**TASK INPUT**
:::::
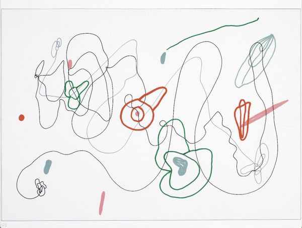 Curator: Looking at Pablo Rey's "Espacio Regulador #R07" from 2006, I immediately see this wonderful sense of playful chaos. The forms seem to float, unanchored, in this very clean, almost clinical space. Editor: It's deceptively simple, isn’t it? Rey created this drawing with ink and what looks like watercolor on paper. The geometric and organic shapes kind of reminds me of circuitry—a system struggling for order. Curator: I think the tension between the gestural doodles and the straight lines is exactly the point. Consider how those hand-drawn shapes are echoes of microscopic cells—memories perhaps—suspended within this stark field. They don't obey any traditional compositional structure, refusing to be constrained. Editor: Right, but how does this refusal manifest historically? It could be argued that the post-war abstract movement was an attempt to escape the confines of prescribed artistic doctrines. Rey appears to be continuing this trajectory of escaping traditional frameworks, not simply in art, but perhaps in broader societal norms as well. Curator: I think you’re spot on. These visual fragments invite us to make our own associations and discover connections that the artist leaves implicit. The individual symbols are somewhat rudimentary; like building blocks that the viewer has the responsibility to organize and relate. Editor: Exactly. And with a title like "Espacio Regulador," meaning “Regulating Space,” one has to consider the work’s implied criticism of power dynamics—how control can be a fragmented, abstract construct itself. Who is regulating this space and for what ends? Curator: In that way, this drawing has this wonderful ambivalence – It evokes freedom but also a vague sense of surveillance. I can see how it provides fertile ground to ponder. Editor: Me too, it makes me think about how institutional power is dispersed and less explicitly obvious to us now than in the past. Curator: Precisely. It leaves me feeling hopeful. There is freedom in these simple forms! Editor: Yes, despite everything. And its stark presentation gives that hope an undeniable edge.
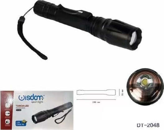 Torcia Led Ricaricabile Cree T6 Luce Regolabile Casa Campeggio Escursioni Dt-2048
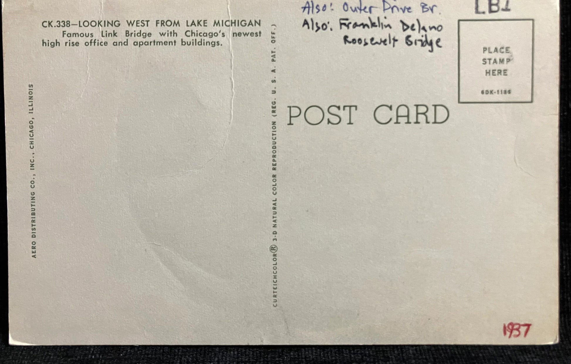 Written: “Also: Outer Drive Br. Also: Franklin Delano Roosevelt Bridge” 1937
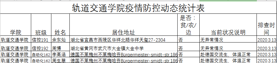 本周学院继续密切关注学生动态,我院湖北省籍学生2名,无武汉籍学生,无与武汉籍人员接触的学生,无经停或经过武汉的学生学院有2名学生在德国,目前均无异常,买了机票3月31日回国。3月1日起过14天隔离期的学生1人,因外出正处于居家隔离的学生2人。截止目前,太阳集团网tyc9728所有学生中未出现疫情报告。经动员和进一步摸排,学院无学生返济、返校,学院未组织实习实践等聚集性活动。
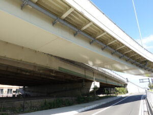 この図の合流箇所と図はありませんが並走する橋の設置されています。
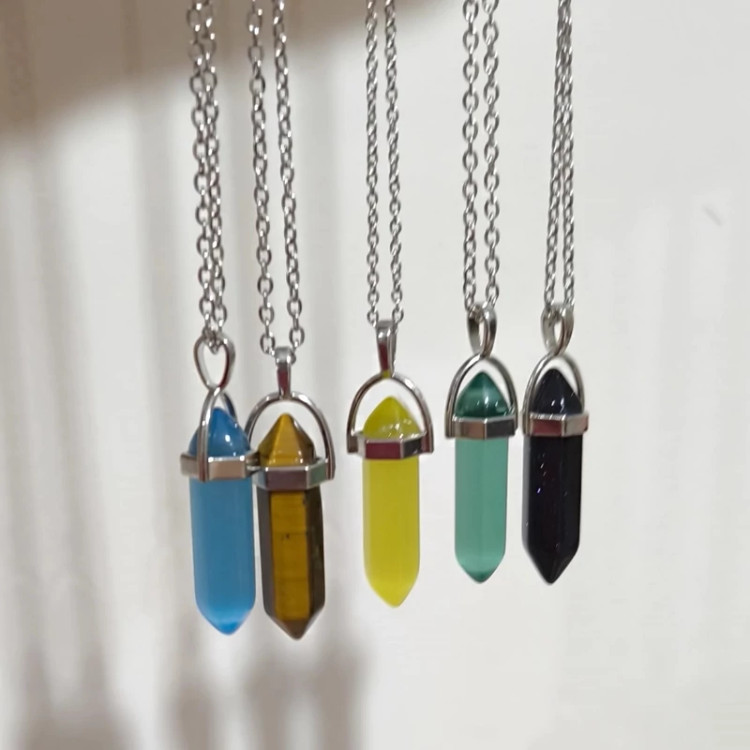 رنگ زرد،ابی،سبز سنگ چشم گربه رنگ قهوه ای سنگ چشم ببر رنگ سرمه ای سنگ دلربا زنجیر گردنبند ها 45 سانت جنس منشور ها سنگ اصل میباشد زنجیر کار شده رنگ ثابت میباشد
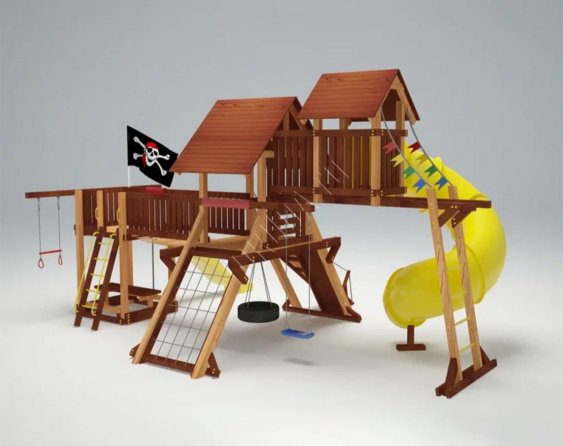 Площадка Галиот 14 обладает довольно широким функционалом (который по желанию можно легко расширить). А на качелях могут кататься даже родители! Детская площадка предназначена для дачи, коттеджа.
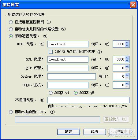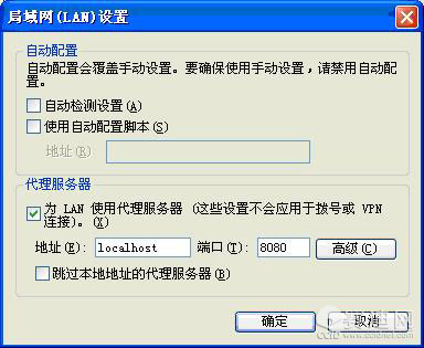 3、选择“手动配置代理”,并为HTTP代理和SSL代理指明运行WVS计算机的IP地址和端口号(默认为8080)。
:::::
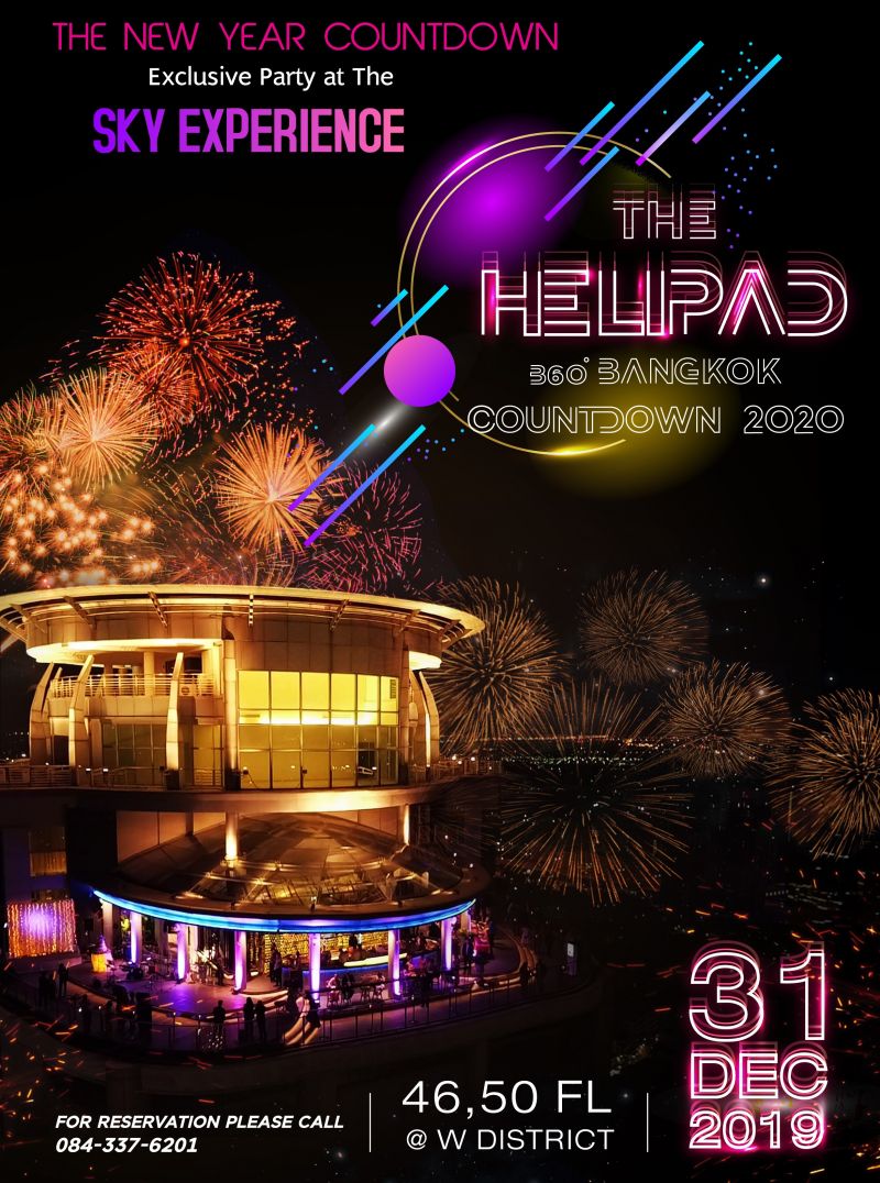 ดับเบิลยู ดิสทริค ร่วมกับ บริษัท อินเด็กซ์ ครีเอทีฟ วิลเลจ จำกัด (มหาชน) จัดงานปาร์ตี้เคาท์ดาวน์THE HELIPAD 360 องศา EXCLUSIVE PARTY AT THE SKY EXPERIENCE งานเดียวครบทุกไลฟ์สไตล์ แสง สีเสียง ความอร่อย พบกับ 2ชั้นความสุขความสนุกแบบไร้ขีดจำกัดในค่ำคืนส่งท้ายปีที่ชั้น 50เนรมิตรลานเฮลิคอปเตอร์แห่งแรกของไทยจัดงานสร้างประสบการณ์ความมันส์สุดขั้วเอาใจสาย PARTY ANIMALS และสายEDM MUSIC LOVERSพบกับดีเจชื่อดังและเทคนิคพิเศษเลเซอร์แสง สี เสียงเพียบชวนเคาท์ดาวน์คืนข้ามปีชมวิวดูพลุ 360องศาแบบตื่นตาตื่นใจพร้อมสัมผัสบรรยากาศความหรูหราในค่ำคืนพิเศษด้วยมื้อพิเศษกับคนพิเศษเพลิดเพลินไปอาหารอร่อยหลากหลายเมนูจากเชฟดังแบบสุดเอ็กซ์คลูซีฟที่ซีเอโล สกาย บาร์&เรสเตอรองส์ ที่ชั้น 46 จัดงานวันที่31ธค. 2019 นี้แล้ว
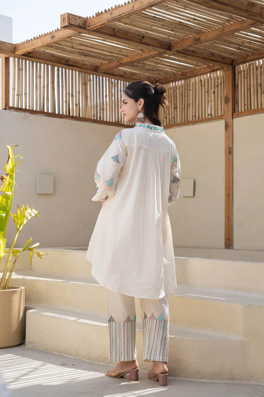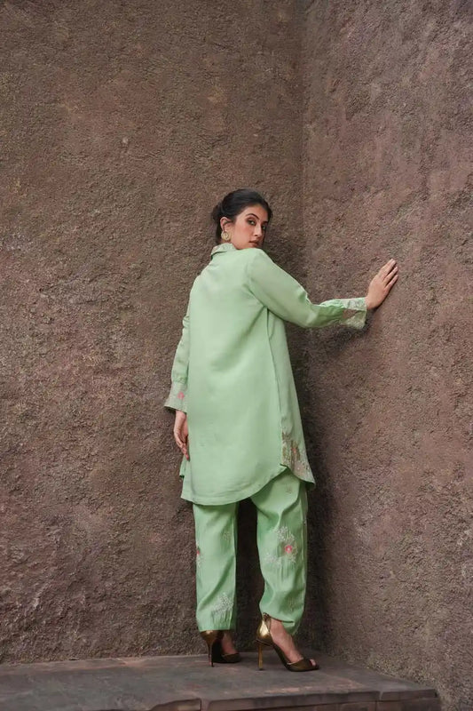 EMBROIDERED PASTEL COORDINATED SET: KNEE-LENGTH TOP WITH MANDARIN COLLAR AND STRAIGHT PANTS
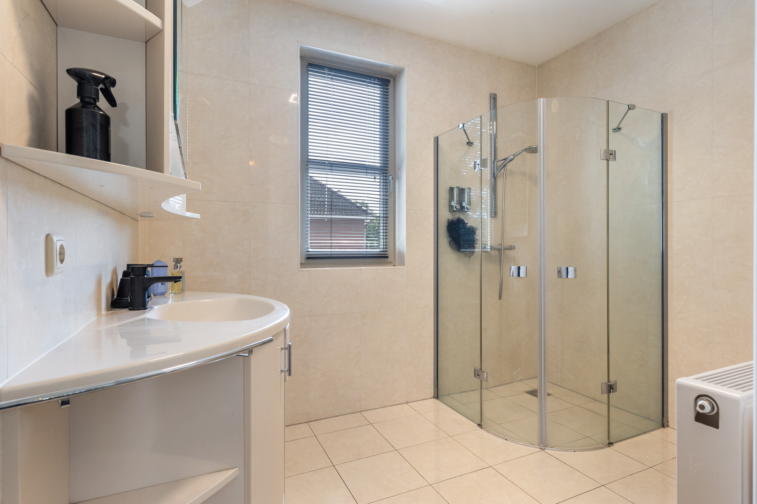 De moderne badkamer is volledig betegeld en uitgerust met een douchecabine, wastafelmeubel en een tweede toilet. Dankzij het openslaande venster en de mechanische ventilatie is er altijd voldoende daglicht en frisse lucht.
:::::
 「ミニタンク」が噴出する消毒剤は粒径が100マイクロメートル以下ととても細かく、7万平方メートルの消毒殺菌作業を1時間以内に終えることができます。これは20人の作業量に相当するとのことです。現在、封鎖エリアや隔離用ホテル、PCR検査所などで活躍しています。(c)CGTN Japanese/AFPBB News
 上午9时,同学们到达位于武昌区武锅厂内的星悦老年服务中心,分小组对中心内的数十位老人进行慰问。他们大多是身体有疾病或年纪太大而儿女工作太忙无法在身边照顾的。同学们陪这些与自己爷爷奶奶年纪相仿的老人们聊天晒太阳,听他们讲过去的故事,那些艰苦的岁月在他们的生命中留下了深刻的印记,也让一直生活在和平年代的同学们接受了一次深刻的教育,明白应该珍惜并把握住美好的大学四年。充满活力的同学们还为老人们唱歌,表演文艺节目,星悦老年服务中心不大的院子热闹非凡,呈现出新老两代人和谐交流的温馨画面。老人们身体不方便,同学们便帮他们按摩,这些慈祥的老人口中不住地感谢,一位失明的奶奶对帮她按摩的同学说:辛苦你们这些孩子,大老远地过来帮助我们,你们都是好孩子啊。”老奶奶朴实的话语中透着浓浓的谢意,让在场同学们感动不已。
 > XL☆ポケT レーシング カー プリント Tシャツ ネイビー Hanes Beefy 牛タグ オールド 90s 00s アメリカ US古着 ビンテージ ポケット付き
:::::
**EXERCISE DIRECTIONS**
Exactly the lines above, from the one containing "Outer Drive Br." down to the one containing "رنگ زرد،ابی،سبز سنگ", are to be repeated, including both ends. Pictures are not part of the copy.

**REPLY TO THE TASK**
 Written: “Also: Outer Drive Br. Also: Franklin Delano Roosevelt Bridge” 1937
 本周学院继续密切关注学生动态,我院湖北省籍学生2名,无武汉籍学生,无与武汉籍人员接触的学生,无经停或经过武汉的学生学院有2名学生在德国,目前均无异常,买了机票3月31日回国。3月1日起过14天隔离期的学生1人,因外出正处于居家隔离的学生2人。截止目前,太阳集团网tyc9728所有学生中未出现疫情报告。经动员和进一步摸排,学院无学生返济、返校,学院未组织实习实践等聚集性活动。
 この図の合流箇所と図はありませんが並走する橋の設置されています。
 رنگ زرد،ابی،سبز سنگ چشم گربه رنگ قهوه ای سنگ چشم ببر رنگ سرمه ای سنگ دلربا زنجیر گردنبند ها 45 سانت جنس منشور ها سنگ اصل میباشد زنجیر کار شده رنگ ثابت میباشد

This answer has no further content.